■ Entries provided
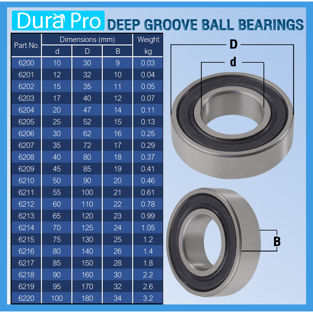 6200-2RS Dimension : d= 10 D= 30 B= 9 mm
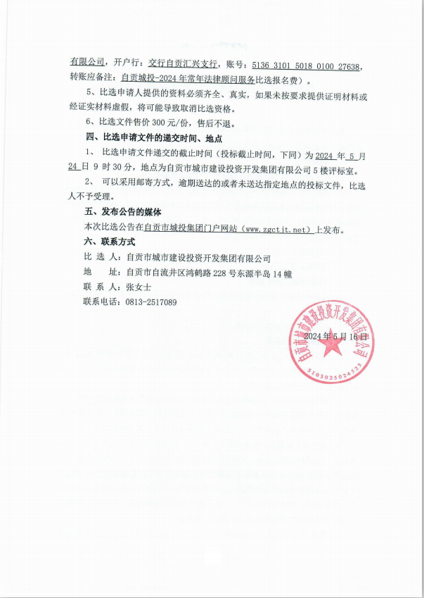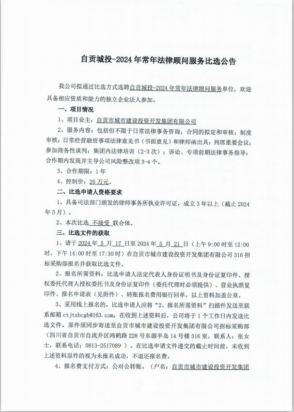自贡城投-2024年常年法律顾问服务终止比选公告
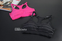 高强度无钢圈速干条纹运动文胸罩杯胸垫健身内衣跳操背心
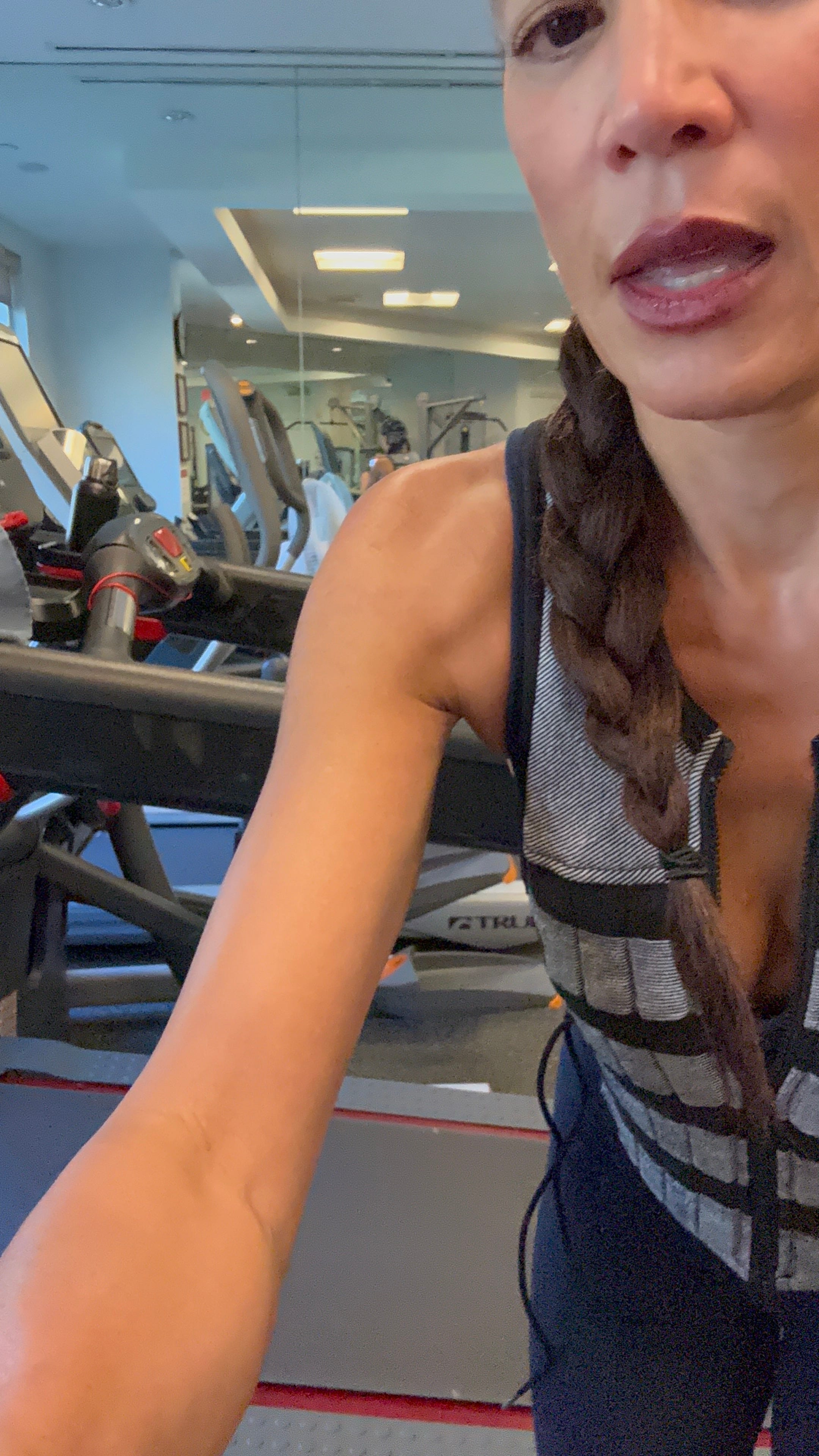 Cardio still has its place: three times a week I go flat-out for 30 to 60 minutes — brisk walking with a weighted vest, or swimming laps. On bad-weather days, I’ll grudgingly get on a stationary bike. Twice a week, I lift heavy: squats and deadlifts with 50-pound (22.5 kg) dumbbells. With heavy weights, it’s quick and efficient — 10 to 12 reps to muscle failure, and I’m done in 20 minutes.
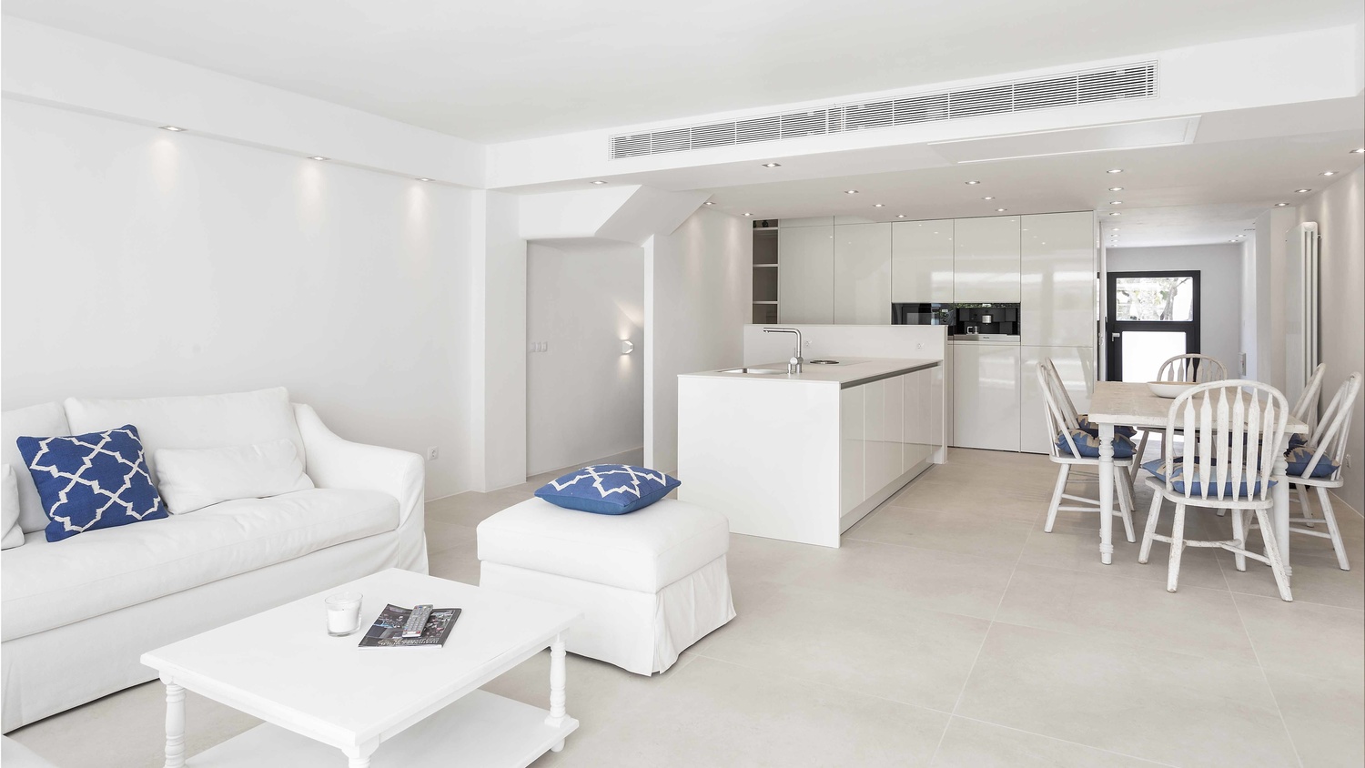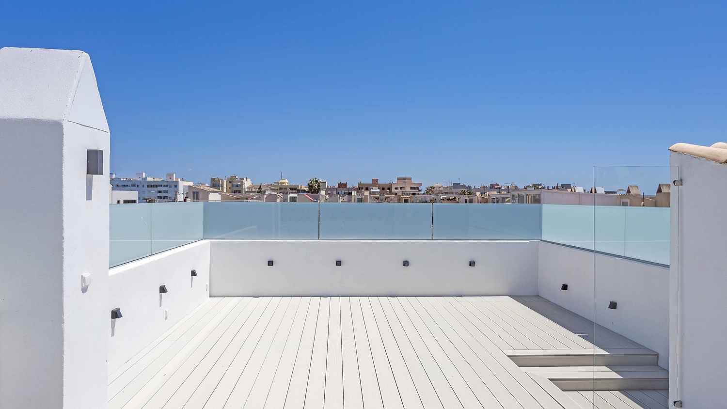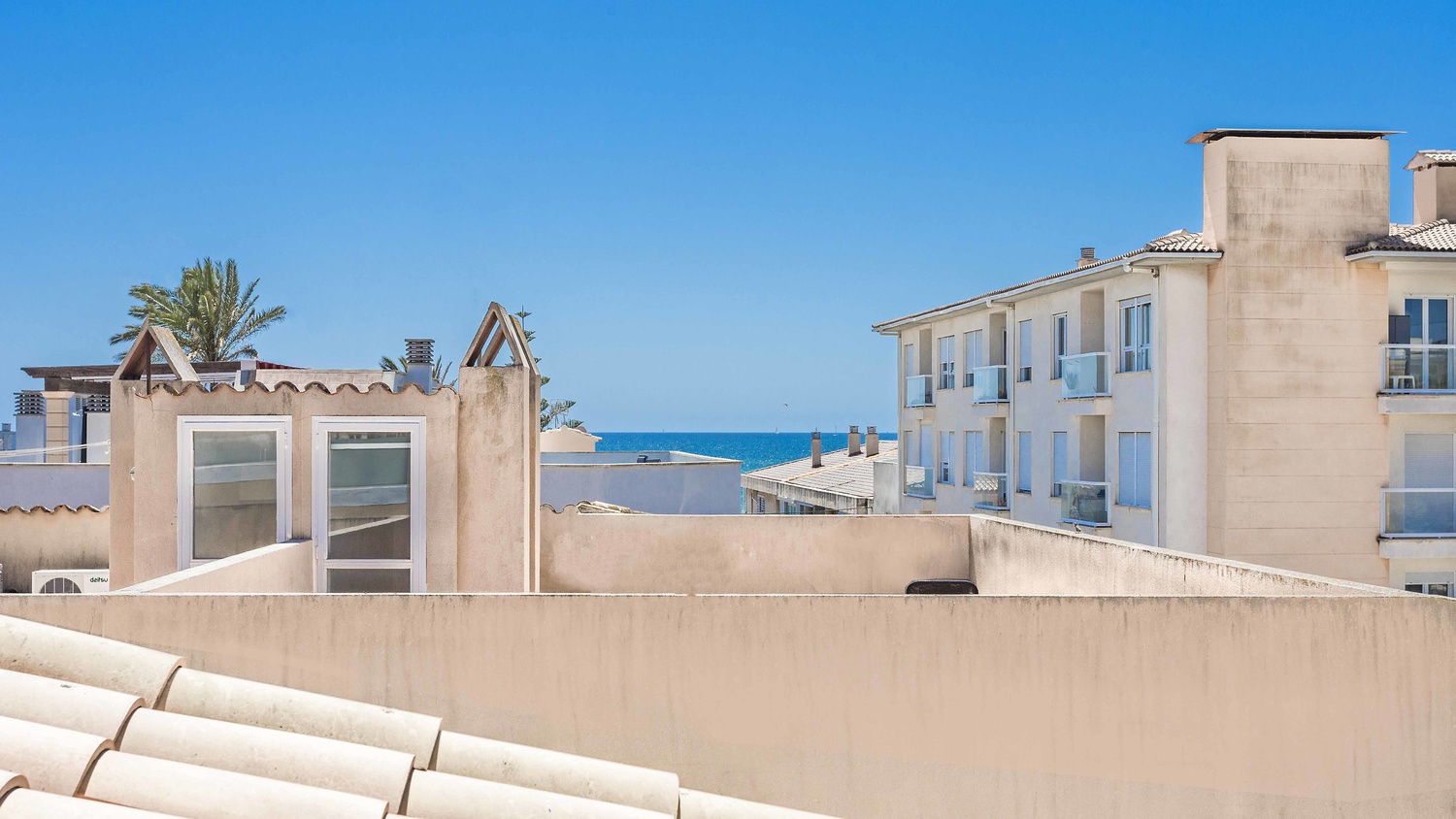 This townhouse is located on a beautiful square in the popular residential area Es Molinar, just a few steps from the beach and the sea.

---

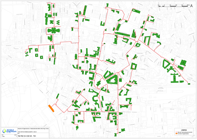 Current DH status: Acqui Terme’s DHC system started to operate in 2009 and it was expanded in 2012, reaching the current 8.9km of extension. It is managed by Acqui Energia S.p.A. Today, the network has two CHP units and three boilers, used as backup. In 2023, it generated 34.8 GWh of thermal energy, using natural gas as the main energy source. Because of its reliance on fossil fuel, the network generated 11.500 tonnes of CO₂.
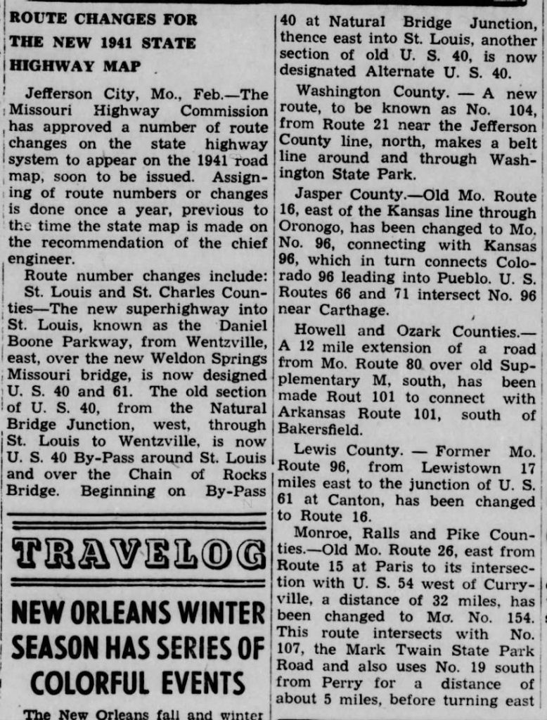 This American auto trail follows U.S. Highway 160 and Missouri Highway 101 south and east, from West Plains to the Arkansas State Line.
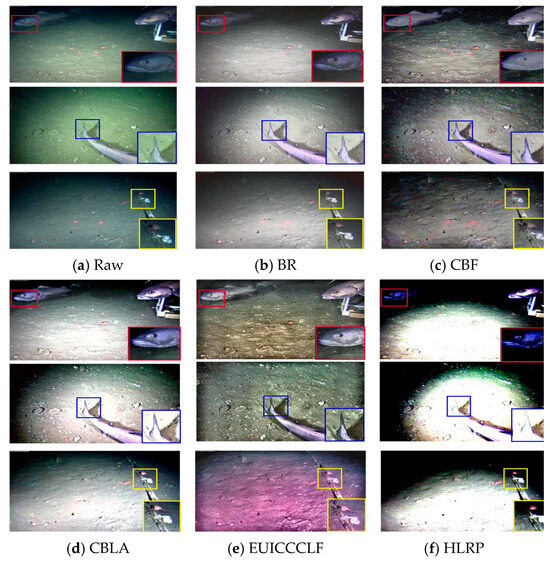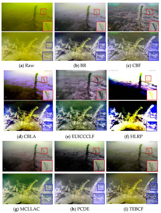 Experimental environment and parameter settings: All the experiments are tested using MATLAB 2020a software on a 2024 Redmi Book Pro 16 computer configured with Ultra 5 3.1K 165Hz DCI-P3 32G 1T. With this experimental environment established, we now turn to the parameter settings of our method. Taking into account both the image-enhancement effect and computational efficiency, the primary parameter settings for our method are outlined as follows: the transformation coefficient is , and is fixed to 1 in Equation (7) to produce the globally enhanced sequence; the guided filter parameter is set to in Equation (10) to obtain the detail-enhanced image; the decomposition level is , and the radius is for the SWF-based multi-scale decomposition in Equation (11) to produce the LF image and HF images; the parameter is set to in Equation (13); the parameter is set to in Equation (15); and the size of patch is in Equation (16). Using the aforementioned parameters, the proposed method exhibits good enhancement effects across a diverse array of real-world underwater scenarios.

* * *

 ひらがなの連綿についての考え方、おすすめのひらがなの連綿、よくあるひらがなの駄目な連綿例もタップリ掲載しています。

■ What the exercise asks
Only the lines starting at the one with "高强度无钢圈速干条纹运动文胸罩杯胸垫健身内衣跳操背心" and ending at the one with "This townhouse is" should be printed, each exactly as it appears in the material above; the pictures are to be omitted.

■ Written answer
 高强度无钢圈速干条纹运动文胸罩杯胸垫健身内衣跳操背心
 Cardio still has its place: three times a week I go flat-out for 30 to 60 minutes — brisk walking with a weighted vest, or swimming laps. On bad-weather days, I’ll grudgingly get on a stationary bike. Twice a week, I lift heavy: squats and deadlifts with 50-pound (22.5 kg) dumbbells. With heavy weights, it’s quick and efficient — 10 to 12 reps to muscle failure, and I’m done in 20 minutes.
 This townhouse is located on a beautiful square in the popular residential area Es Molinar, just a few steps from the beach and the sea.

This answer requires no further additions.